_Assigned task:_
Starting at the line that holds "Het wordt tijd" and stopping at the line that holds "Krok 1: Kloboučky", restate the records below word for word, with both of those lines included.

_Source data:_
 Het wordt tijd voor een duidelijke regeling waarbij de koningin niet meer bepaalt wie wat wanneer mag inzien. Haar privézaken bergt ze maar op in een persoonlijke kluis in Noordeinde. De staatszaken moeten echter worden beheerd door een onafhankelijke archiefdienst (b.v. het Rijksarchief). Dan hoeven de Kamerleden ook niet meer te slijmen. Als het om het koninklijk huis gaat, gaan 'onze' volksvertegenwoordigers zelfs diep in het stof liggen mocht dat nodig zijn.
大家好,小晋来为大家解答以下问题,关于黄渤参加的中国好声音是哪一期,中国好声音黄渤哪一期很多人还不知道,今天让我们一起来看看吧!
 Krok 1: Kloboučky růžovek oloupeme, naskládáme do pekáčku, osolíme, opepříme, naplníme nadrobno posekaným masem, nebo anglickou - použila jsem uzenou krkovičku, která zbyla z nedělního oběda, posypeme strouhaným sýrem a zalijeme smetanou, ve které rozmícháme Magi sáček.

...

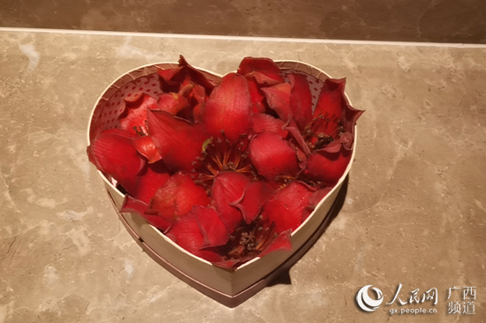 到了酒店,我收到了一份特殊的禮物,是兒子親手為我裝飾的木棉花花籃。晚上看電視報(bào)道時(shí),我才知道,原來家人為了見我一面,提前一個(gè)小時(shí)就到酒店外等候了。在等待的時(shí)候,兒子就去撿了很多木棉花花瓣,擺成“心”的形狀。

_Expected output:_
 Het wordt tijd voor een duidelijke regeling waarbij de koningin niet meer bepaalt wie wat wanneer mag inzien. Haar privézaken bergt ze maar op in een persoonlijke kluis in Noordeinde. De staatszaken moeten echter worden beheerd door een onafhankelijke archiefdienst (b.v. het Rijksarchief). Dan hoeven de Kamerleden ook niet meer te slijmen. Als het om het koninklijk huis gaat, gaan 'onze' volksvertegenwoordigers zelfs diep in het stof liggen mocht dat nodig zijn.
大家好,小晋来为大家解答以下问题,关于黄渤参加的中国好声音是哪一期,中国好声音黄渤哪一期很多人还不知道,今天让我们一起来看看吧!
 Krok 1: Kloboučky růžovek oloupeme, naskládáme do pekáčku, osolíme, opepříme, naplníme nadrobno posekaným masem, nebo anglickou - použila jsem uzenou krkovičku, která zbyla z nedělního oběda, posypeme strouhaným sýrem a zalijeme smetanou, ve které rozmícháme Magi sáček.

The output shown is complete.